When assessing investment destinations, investors place greatest weight on workforce capability, labour and input costs, innovation capacity, market scale and tax competitiveness. These are also the areas where Australia and New Zealand face some of their strongest competitive pressures.

 

What investors value is changing

Around the world, governments are competing to attract investment linked to artificial intelligence, advanced manufacturing, digital infrastructure, clean energy and critical minerals.

 

As a result, investors are placing greater emphasis on factors such as labour availability and quality, labour and input costs, R&D intensity, market size and tax competitiveness.

 

Top five global investment priorities

30%
30%
availability and quality of the workforce
29%
29%
labour costs and other input costs
26%
26%
level of R&D and innovation
21%
21%
Market size
21%
21%
tax competitiveness

Friction points

Regulatory complexity emerged as one of the clearest friction points. Only 16% of respondents viewed Australia's approvals processes for foreign investment as “not at all restrictive”. In New Zealand, the figure was 5%.

While both countries have introduced reforms to improve investment pathways, the findings suggest investors continue to perceive approval processes as complex and difficult to navigate.

This matters because capital is mobile. Investors are not simply comparing tax rates or labour costs. They are comparing the ease with which opportunities can be converted into value. Markets that can provide talent, infrastructure, policy certainty and efficient project delivery are increasingly gaining an edge.
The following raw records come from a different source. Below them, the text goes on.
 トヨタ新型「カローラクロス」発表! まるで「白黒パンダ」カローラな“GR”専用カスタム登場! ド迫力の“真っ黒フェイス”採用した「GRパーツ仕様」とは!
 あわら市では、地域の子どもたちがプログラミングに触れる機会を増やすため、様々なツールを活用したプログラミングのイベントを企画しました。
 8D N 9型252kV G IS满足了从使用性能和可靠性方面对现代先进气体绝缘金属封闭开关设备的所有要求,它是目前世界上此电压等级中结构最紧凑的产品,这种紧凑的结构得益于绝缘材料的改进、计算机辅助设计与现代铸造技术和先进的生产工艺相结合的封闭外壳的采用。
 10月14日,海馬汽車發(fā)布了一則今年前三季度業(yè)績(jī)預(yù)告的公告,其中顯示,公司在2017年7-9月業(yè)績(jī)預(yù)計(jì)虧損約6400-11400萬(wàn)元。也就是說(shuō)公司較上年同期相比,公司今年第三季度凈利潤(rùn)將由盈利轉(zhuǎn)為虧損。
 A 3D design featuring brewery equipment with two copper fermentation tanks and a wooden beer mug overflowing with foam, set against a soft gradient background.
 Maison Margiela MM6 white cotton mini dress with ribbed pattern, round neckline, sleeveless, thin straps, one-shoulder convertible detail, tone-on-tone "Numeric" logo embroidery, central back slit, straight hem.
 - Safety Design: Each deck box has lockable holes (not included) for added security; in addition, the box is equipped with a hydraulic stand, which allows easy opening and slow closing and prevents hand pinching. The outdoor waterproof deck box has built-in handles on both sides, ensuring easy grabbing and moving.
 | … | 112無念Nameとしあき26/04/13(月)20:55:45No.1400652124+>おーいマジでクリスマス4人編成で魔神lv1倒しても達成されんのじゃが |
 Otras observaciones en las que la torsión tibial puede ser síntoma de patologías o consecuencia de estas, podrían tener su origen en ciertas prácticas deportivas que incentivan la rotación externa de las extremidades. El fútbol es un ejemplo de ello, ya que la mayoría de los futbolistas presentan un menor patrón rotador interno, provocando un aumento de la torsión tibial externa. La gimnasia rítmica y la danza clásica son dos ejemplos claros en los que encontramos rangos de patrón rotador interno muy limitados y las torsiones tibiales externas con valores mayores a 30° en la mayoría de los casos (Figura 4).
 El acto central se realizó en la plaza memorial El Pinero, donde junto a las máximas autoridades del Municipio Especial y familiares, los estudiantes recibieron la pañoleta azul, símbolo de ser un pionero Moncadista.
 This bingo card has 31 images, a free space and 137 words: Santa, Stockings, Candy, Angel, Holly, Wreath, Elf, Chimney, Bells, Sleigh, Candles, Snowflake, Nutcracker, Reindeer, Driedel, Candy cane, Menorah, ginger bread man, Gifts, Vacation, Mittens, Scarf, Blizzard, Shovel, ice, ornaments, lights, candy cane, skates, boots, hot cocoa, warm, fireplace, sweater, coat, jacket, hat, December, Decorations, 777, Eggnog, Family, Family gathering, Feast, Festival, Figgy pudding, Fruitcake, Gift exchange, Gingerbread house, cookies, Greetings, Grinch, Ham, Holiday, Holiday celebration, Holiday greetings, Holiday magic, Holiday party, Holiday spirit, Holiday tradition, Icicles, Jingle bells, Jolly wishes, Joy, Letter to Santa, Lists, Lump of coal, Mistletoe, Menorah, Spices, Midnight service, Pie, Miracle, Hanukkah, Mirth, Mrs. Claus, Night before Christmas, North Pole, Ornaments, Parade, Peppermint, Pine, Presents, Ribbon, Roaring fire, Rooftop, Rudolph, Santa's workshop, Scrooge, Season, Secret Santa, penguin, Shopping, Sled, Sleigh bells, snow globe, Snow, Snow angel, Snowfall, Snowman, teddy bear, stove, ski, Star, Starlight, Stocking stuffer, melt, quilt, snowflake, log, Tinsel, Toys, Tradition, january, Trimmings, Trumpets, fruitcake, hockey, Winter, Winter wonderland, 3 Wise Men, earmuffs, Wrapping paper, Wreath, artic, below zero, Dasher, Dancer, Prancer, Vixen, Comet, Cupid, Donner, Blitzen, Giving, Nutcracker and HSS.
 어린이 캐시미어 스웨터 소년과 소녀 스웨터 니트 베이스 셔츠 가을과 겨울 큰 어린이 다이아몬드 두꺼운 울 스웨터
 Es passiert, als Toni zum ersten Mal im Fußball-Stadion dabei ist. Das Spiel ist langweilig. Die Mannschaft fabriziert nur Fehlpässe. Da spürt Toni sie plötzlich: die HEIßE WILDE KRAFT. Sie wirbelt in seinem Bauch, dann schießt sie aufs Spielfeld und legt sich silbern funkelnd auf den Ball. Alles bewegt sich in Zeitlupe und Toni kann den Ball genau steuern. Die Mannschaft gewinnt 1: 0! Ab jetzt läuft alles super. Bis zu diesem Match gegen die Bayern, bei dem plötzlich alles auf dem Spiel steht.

Australia and New Zealand have been prosperous, safe and stable places to invest, but must do more to continue to attract capital. Investors increasingly prioritise countries that are agile, build capability and adapt to change.

Australia and New Zealand have strong foundations as investment destinations, but investors are prioritising countries that are agile, focused on building capability and adapting to change.

Three priority areas for future competitiveness

The report identifies three strategic priorities for governments and policymakers to consider.

1. Innovation, AI and the digital economy

Almost half (46%) of investors said improving technology infrastructure should be the top priority for Australia and New Zealand to strengthen attractiveness for AI investment and innovation.

In response, the report suggests pre-zoned, investment-ready data centre precincts are one of the highest-leverage economic opportunities available to both countries, supported by abundant renewable energy resources, available land and strong international connectivity.

2. Workforce, mobility and productivity

Three in 10 investors who redirected capital away from Australia and New Zealand cited better access to technology or skilled labour elsewhere as a contributing factor. The report explains the role of targeted migration settings, fast-track arrangements for specialised talent and stronger workforce development pathways in addressing these challenges.

3. Tax competitiveness and investment certainty

Investors consistently identified tax certainty and predictability as important elements of an attractive investment environment. In fact, 19% of those surveyed said a lack of stable, predictable and competitive tax settings are a leading risk to the future attractiveness of Australia and New Zealand.

The report suggests that tax settings should be considered as part of a broader competitiveness agenda encompassing investment certainty, regulatory efficiency and business confidence.

Summary

Future competitiveness will depend on how effectively Australia and New Zealand translate strengths into capability, productivity and growth. The collective challenge is to create the conditions that allow investment to succeed once it arrives.